With Gilbert Becaud at the Olympia, Paris

Olympia Reviews

(French to English translation by Janice Doxsey)


Melanie the success of MIDEM is the American star of the Gilbert Becaud spectacular at the Olympia from the 19th February to 16th March, Melanie's records are often heard on the radio and her records sell very well. Her performance at the Olympia will further strengthen the sale of her LP.


Following the jugglers was Melanie, star of the last MIDEM festival at Cannes. This hippie singer is not without quality, but she is a little too gentle to be a 'star'….


Melanie closed a good first half. Beneath this old-fashioned name hides a singer who is really alive now. She sings as though she had black skin, and with your eyes closed the illusion is complete, but open your eyes quickly because Melanie is really very beautiful….

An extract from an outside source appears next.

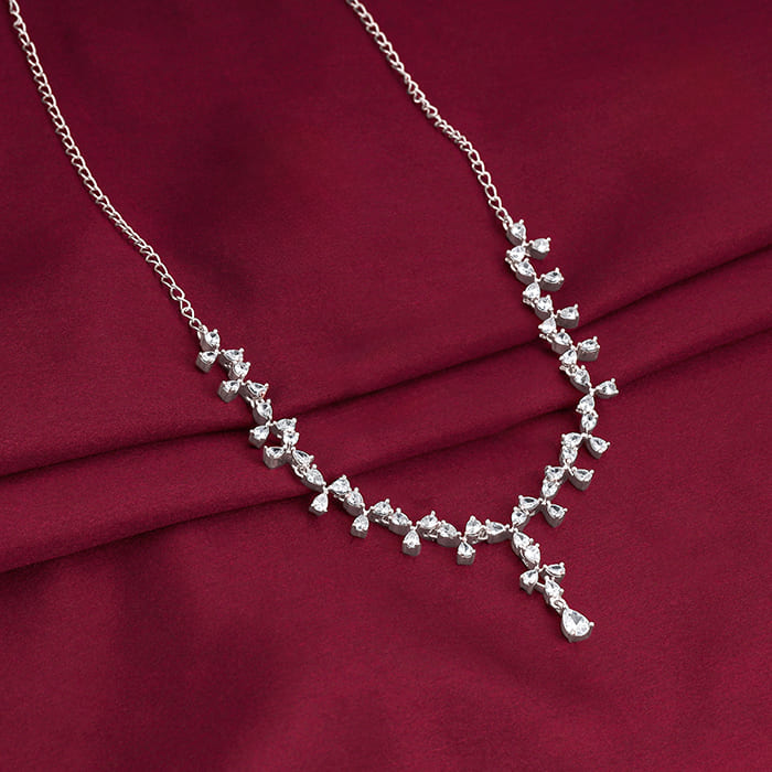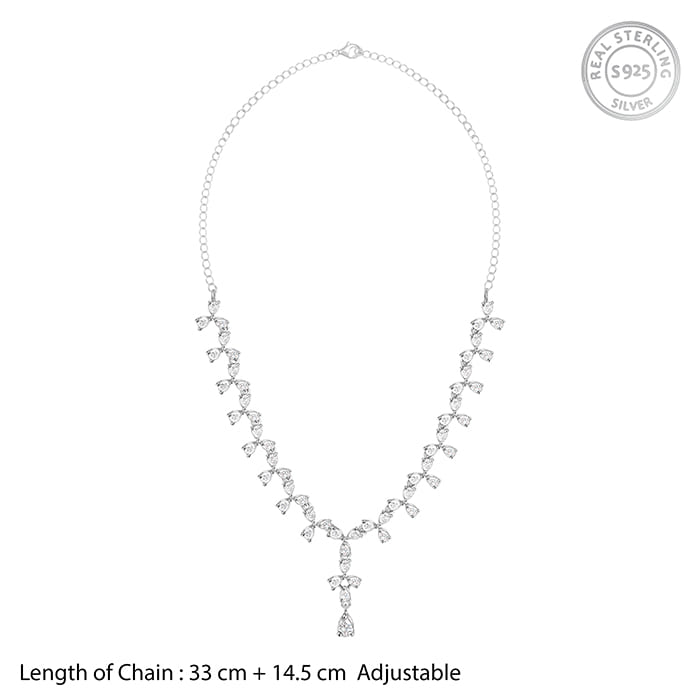 The silver necklace has three petal floral motifs with a dangling pear drop motif, all studded with zircons.

In the first part there was a young American singer whose name did not immediately tell this. She sings sitting down, accompanying herself on the guitar. She has feeling, so has Julian Clere. These two people are really only at the dawn of their careers.


1p.m. Channel 2 Colour "Show Killy"

Melanie, the beautiful American beatnik makes a fine debut in France:- at the Olympia and on the Jean Claud Killy show. It looks as though she's going to be a star….

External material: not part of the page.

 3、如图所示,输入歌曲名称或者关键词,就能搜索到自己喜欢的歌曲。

NO FRILLS FOR THIS AMERICAN

by Alan Jones - Jan, 1969


Melanie's 12-minute appearance was sandwiched between a troupe of Algerian jugglers and an illusionist from Lyons.

A murmur of applause rippled through the Parisian family audience when she strummed her guitar into the opening chords of "Bo Bo's Party".

For Melanie was number six in the French charts with the bitter-sweet song about a young girl who goes to an off-beat party.

Melanie is a New Yorker. She's being called the Voice of 1969 on the strength of her first album "Born To Be". Bob Dylan has shown an interest in her songs and she is tipped for international stardom.

What makes her out from hundreds of other singers is the range of her voice. She switches smoothly from a hard, metallic ring to a sweetness that would be the delight of any school choir.

Off-stage, Melanie is an unassuming 21-year-old ex-college girl who prefers her mum's Italian cooking to dining out in French bistros. She looks like the girl-next-door with her long black hair, fringe and big, brown eyes. But not everybody goes for Melanie's natural looks and no frills stage act. One head of an American company complained she was not commercial enough for the pop scene.

Even when she reached France with a top-selling single and a £400 a week contract with the Olympia, the theatre's director tried to get her to revamp her act and give it a bit more show biz zip.

The director wanted Melanie to appear in a blast of psychedelic lights with a troupe of hip-shaking, scantily dressed girls, Melanie refused. He retorted that she wasn't "singing in the trees now" but in show business. Much to her own surprise Melanie snapped; "If that's the business you're in ___ I'm not in it".

But the director was right in a way. While campus audiences back home sat quietly listening, older French ones were not quite so happy with Melanie's folky tunes. The act was not wild enough, said Melanie, explaining the uneasy quiet of that night's show. But other nights have been worse.

There were boos and shouts of "Go home American".